March 02, 2017
Bringing Pakistan at par with the world in terms of technology and food, a restaurant in Multan now provides service to customers through a robot.
The robot, built and programmed by Syed Osama Aziz – a student of National University of Sciences and Technology (NUST) - took Rs. 400,000 and eight months to complete, during which it was trained to serve. It runs on a rechargeable battery for 12-13 hours in one go and has a lifespan of about 5-10 years.
Employed at a pizza eatery near SP Chowk in Multan, the robot takes care of cleanliness and hygiene, welcomes customers, notes their orders, and stops to say “excuse me” when it spots a hurdle.

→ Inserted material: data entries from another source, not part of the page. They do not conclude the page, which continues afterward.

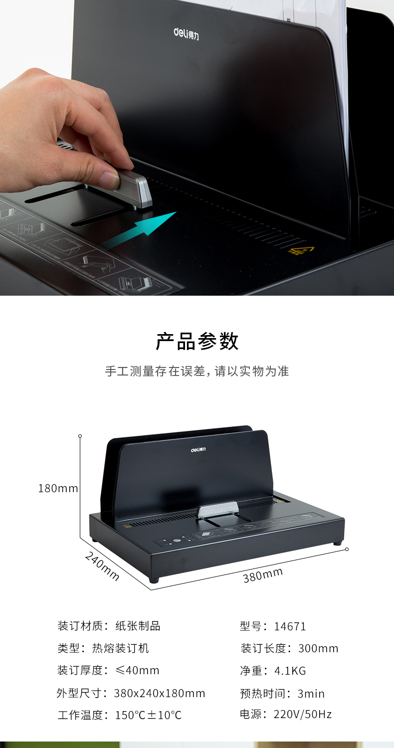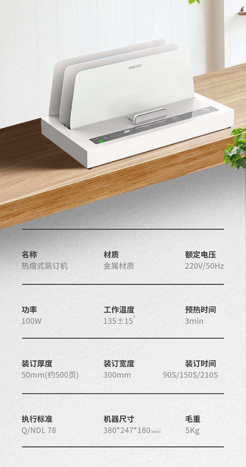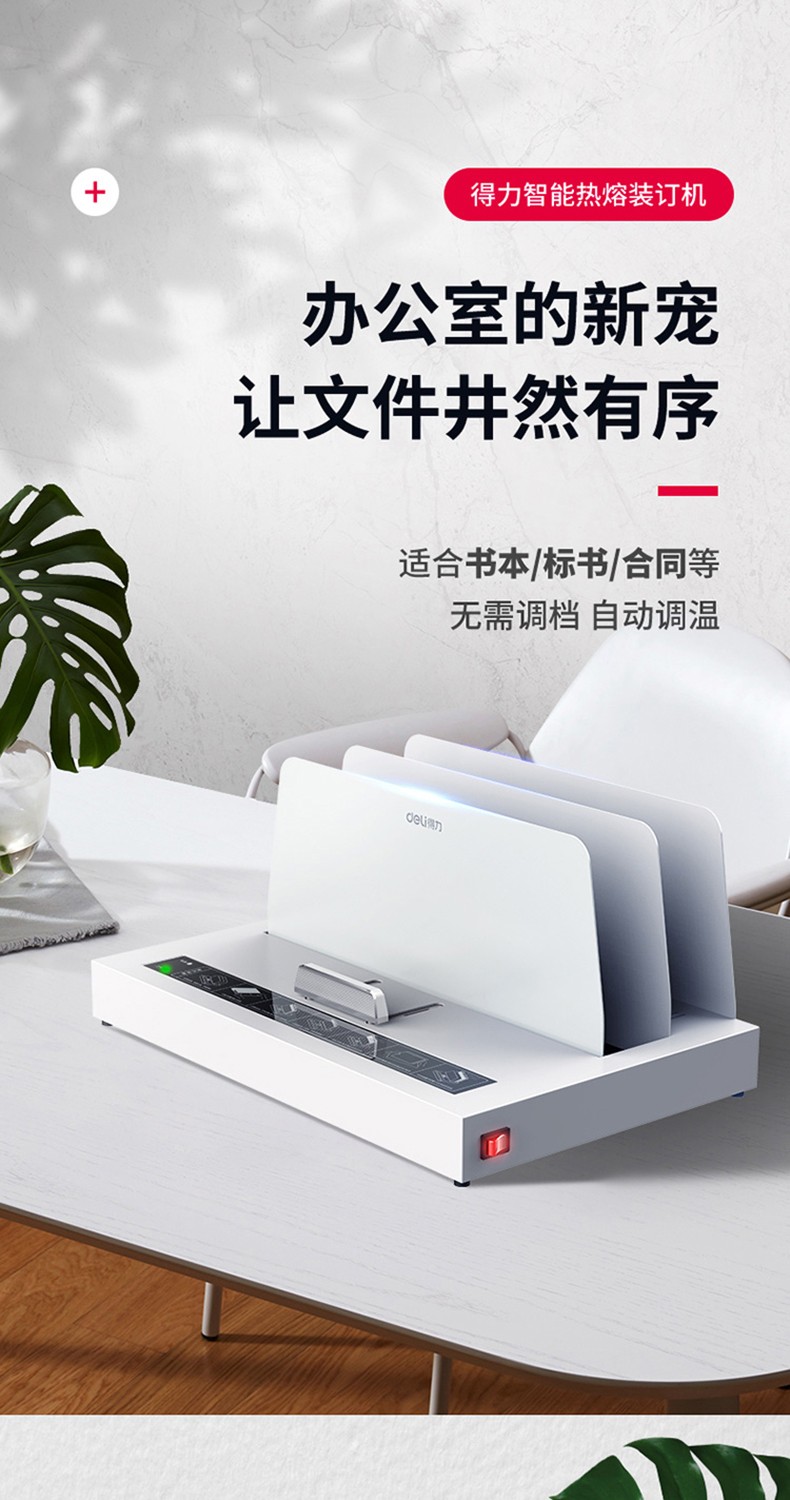 得力(deli) 熱熔裝訂機(jī)合同財(cái)務(wù)會計(jì)憑證裝訂機(jī)封套膠裝機(jī)全自動標(biāo)書 14671熱熔裝訂機(jī)(裝訂厚度40mm)
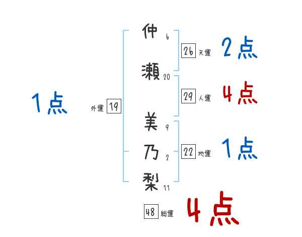 外運![]() | 仲瀬美乃梨さんの外運は19画の1つ星!優れた才能を持ちますが、協調性が足りないことも。周りの人と協力する事を意識しましょう。 生活面を象徴する運勢です。外部から受ける影響力を表し、結婚運、家庭運や職場、環境への順応性を表します。 |
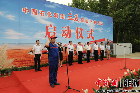 章建華說:“請農(nóng)民朋友放心,中國石化一定能以優(yōu)質(zhì)的油品和優(yōu)良的服務(wù)承擔(dān)起保障三夏供油的光榮使命,以實際行動為國家搞好夏收、夏種、夏管,實現(xiàn)夏糧豐收,為廣大農(nóng)民朋友增加收入做出應(yīng)有的貢獻(xiàn)。”

Aziz, a graduate of NUST, is an electrical engineer by profession. He claims that this is the first time a robot has been made for this purpose in Pakistan.

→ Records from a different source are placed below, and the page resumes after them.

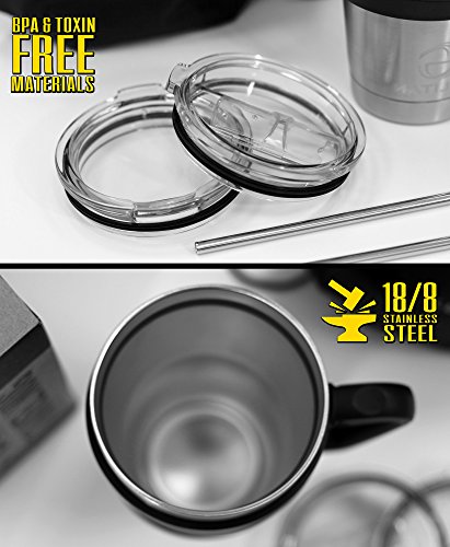 - ✔ PREMIUM QUALITY DOUBLE WALL VACUUM INSULATED CUP: The 30oz sweat-proof thermal mug included in the set is equipped with a double wall which provides the extreme temperature retention to keep your coffee, tea or cocoa hot and your icy beverages cold. Also, you can hold the tumbler safely without feeling any moisture, heat or cold.
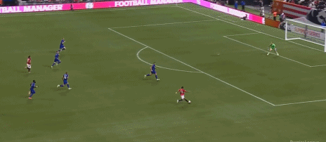 56' The ball collides with Garner's arm in the box but the ref says no penalty
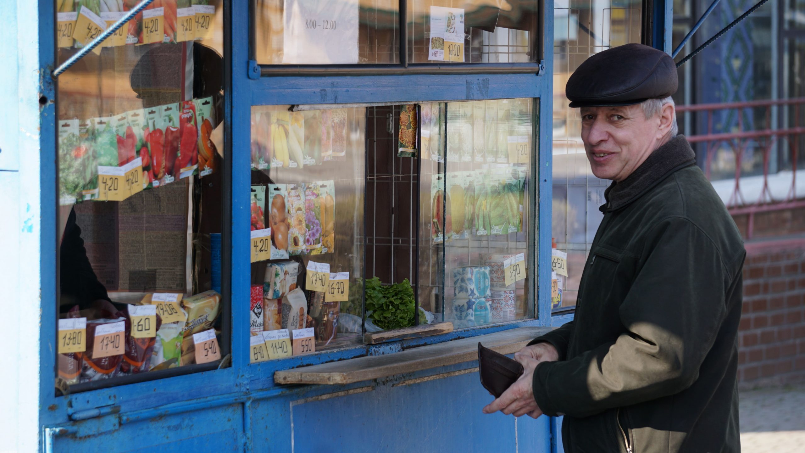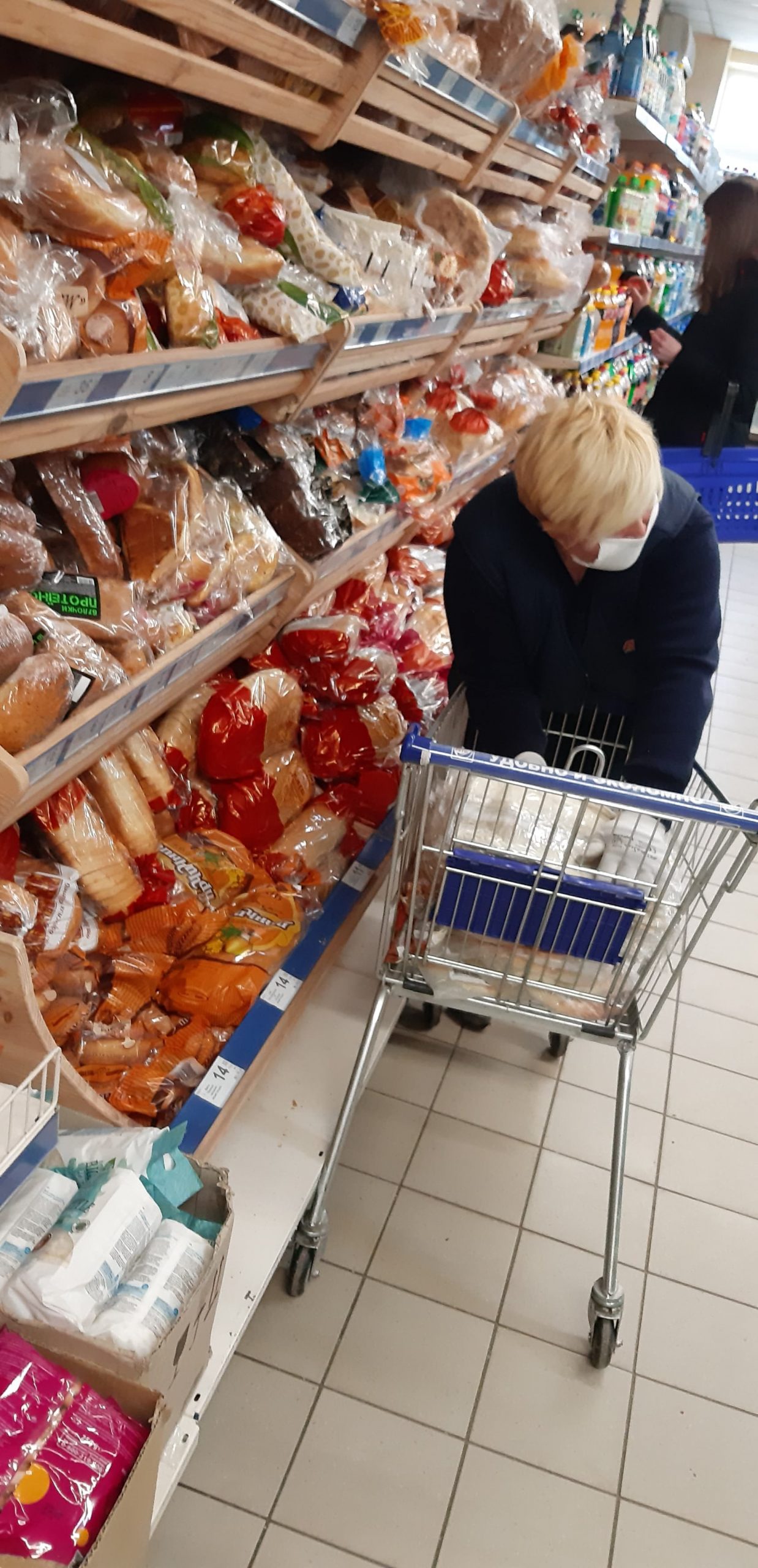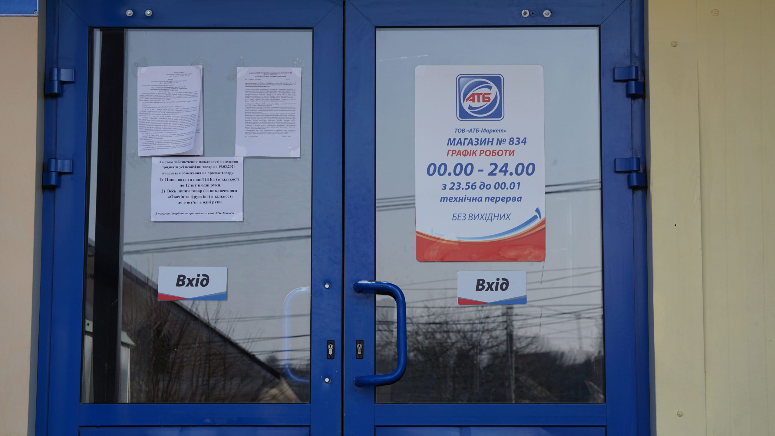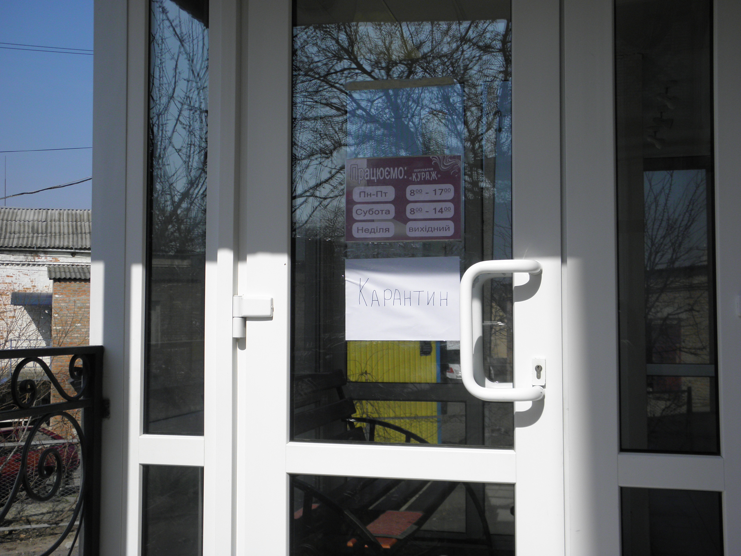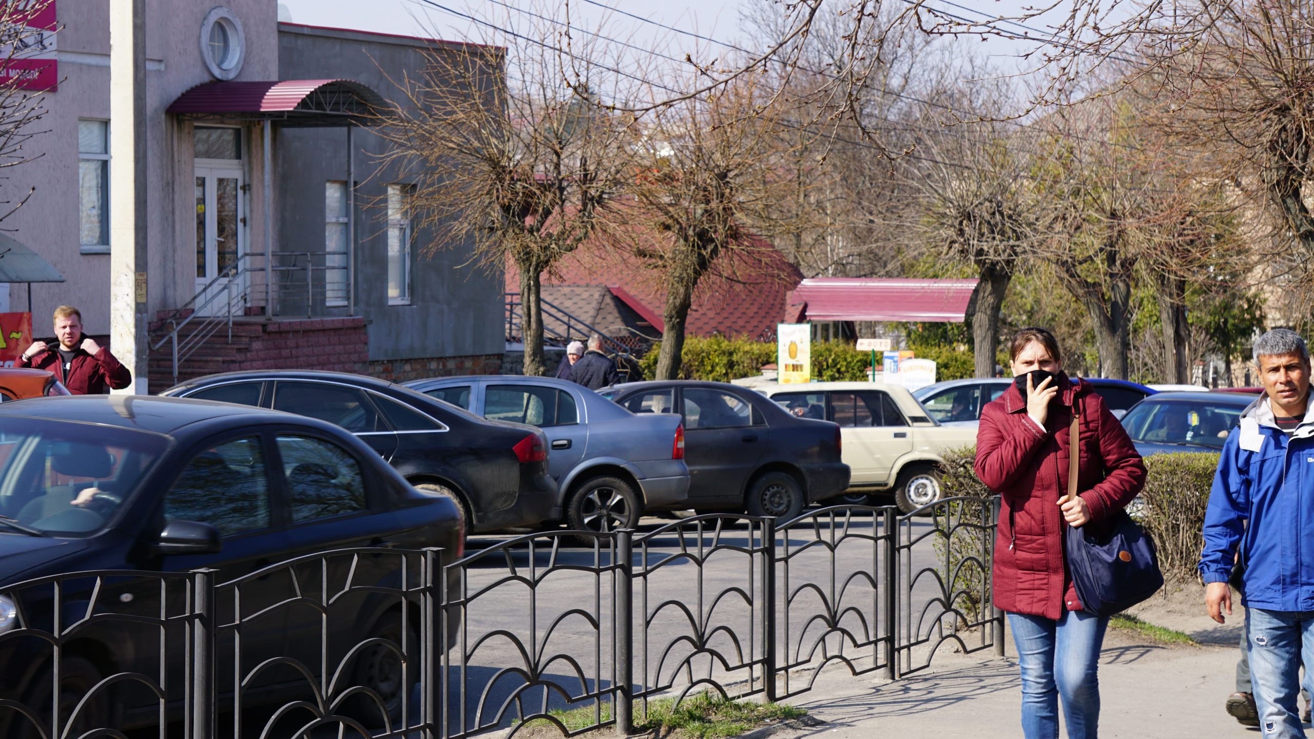 Прямуємо до відділення пошти. Неподалік нього стоять двоє чоловіків, про щось активно говорять, сміються. На вхідних дверях – інструктаж, як вберегтися від поширення коронавірусу, як дотримуватися дистанції. На підлозі біля віконечок обслуговування – жовті мітки, аби люди не заходили за них і, таким чином, була дотримана дистанція. Таке прохання надрукували та повісили на кожному з віконечок. Будинок культури також зачинений. Якась жіночка підходить, смикає двері – закрито. У магазині «Єва» налічуємо чоловік з десять, не більше. Продавчині одягли маски, інші працівники, що розкладають товар на полицях, теж з масками. Саме роблять викладку пральних порошків та іншої побутової хімії. У магазині поріділи полиці із серветками та туалетним папером. У «АТБ», що навпроти, просто так ще з учорашнього вечора не зайдеш. Під дверима – черга з кількох людей. Кажуть, що охоронці пускають так, аби у торговому залі було одночасно не більше 10-ти людей. Тому люди чекають, поки хтось не вийде назовні. Коли до нас черга майже дійшла, до магазину, як поперед батька в пекло, влетів якийсь чоловік. Хотів, було, заскочити всередину без черги, але, побачивши охоронців у масках, рвонув назад. Надворі довго скаржився: на ці черги, на кількість людей і на владу: «Чому пускають тільки по 10? Чому не по 5, 3? Краще по 1-му запускати! Хто ці закони придумав?» Нарешті до «АТБ» потрапляємо і ми. У залі на полицях є все, окрім м’яса. Хліба також вдосталь. Дещо «підчистили» полиці з макаронами, цукром, сіллю, крупами (особливо гречкою). Дві жіночки набирають у торбинку яйця з лотків. Біля полиць з побутовою хімією немає нікого, люди йдуть переважно за продуктами.

(Image source: REUTERS/Sheng Li)
(Image source: Getty)
(Image source: REUTERS/Stringer)
Such robots have earlier been introduced in the US and China, the latter of which started replacing human staff “as early as 2006. […] They’re still cheaper than human wait staff — the approximate $1,200 up-front cost per robot is just a couple months' salary for an average server in China,” Business Insider reported.
In addition, Iran’s news website Financial Tribune reported late February that Amirkabir University of Technology’s Esmaeil Mehrabi and his team are set to launch “the first robotic complex in Iran housing a number of domestically-built intelligent waiter robots capable of interacting with humans.”